I'm studying statistical sampling and there is a point which is not very clear to me. Let us discuss the following example.

Suppose we would like to study the heights of 3.000 students in a given school. Let us do this taking 80 samples of size 25 each. For each sample there should be an associated random variable, let us say $X_1, \ldots, X_{25}$, which will give the heights.

My question is, what are the domains of $X_1, \ldots, X_n$?

As it seems it can't be the set of the respective $25$ samples because usually one wants to perform some kind of algebraic manipulation using the values of $X_i(\omega)$. For instance, in order to perform

$$X_1(\omega)+\ldots+X_{25}(\omega)$$ the variable $\omega$ should belong to the intersection of all the domains of $X_1, \ldots, X_{25}$. On the other hand, if we defined $X_1, \ldots, X_{25}$ on the set of all students what would $X_i(\omega)$ be if $\omega$ is not in the $i$ th sample.

The only way I see to figure this out is to allow the random variable to be defined on the set of all students although the real data we know about the variable is their values on the respective sample set.

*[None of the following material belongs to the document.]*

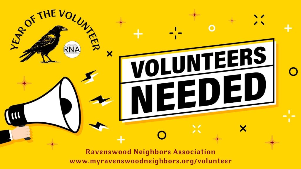The Ravenswood Neighbors Association (RNA) is an all-volunteer, non-political, non-profit, resident-driven organization that seeks to promote the well-being, safety, vitality, and identity of our community by fostering and encouraging stronger relationships between residents, local businesses, and other neighborhood organizations; sharing news and information throughout our network; and promoting local initiatives and programs.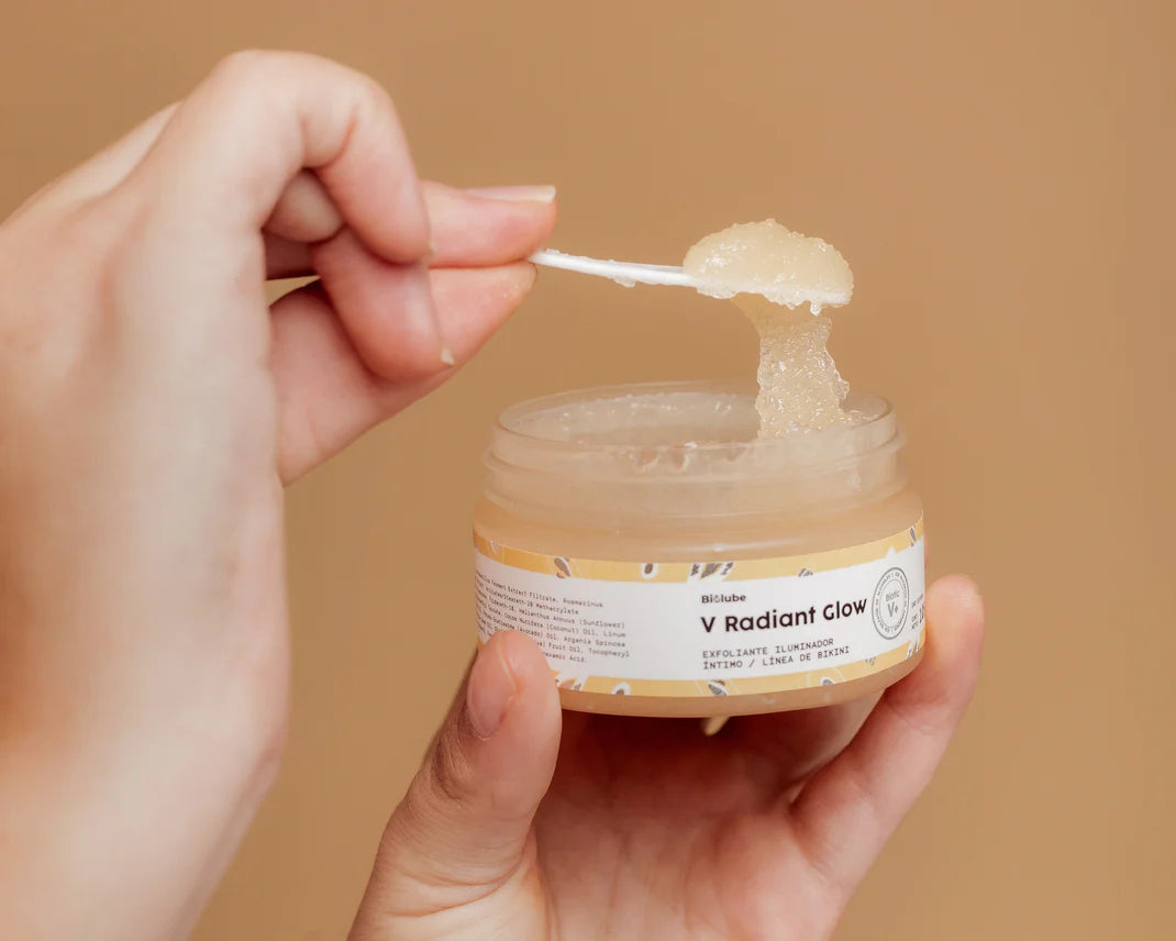 Biolube V Radiant Glow es un exfoliante aclarante e iluminador que ayuda a remover las células muertas de manera suave y respetuosa con la delicada piel de la zona íntima y línea de bikini. Ayuda a prevenir la aparición de vellos encarnados, reducir la pigmentación y unificar el tono de la piel, dejándola más clara y radiante.

Can someone clear this out?

Thanks.

1

There are 1 best solutions below

1
On BEST ANSWER

The domain / sample space $\Omega$ needs to be rich enough to encompass all possible outcomes of your experiment. Remember that after you conduct the experiment, you will have in front of you just one element $\omega$ of the sample space $\Omega$.

A reasonable domain $\Omega$ for conducting sampling is the set of all possible sequences of individuals that could result from your sampling. For example, if your experiment samples $100$ individuals from a population of people, or a box of tickets, or an urn of marbles, then take $\Omega$ to be the set of all possible vectors of size $100$ from this population, conformant with your sampling protocol. (If your sampling is performed without replacement, then those vectors should not contain duplicates.)

Given this sample space, it is natural to associate $X_i(\omega)$ with whatever measurement you're taking on the $i$th member of your vector $\omega$, and it is straightforward to perform numerical manipulation of your random variables $X_1,\ldots,X_n$.